1, discuss the monotonicity of functions,
2. When a =-1/8,0
(1) analysis: ∫ function f (x) = ax 2-lnx
When a=0, f(x)=-lnx, which obviously decreases monotonously in the definition domain;
When a<0, f' (x) = 2ax- 1/x
When a>0, let f' (x) = 2ax-1/x = 0 = = >; x= 1/√(2a)
f''(x)=2a+ 1/x^2>; 0, f(x) takes the minimum value at 1/√(2a),
0<x< when 1/√(2a), f(x) decreases monotonically; X> when = 1/√(2a), f(x) increases monotonically;
(2) Prove that ∵ function f (x) =- 1/8x 2-lnx, f' (x) =-1/4x-1/x.
Let t ∈ (0 0,2) and f (t) =- 1/8t 2-lnt.
The tangent equation at point P(t, f(t) is y =-(1/4t+1/t) (x-t)-(1/8t2+LNT) =-(1/t).
Let g (x) =-1/8x2-lnx-[-(1/4t+1/t) x+1/8t2-lnt+1].
=- 1/8x^2+( 1/4t+ 1/t)x-lnx- 1/8t^2+lnt- 1
g '(x)=- 1/4x+( 1/4t+ 1/t)- 1/x = = & gt; g''(x)=- 1/4+ 1/x^2
Let g'' (x) =-1/4+1/x2 = 0 = = x1= 2, x2=-2 (s).
∴x=2 is the inflection point of the function g(x)
When 0
That is to say, the image of the function g(x) is an S-shape with monotonic decreasing, and the point (2, g(2)) is the turning point.
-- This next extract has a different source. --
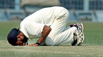 Railways bowler Anureet Singh kissing the pitch after picking 5 wickets of Bengal during Ranji Trophy quarterfinal match at Eden Garden in Kolkata on Saturday. PTI

∴ When t ∈ (0,2), the tangent at point P(t, f(t) is far from the origin, and there must be a second intersection with curve y=f(x).
∴ The curve y=f(x) and its tangent at point P(t, f(t) have at least two different points in common.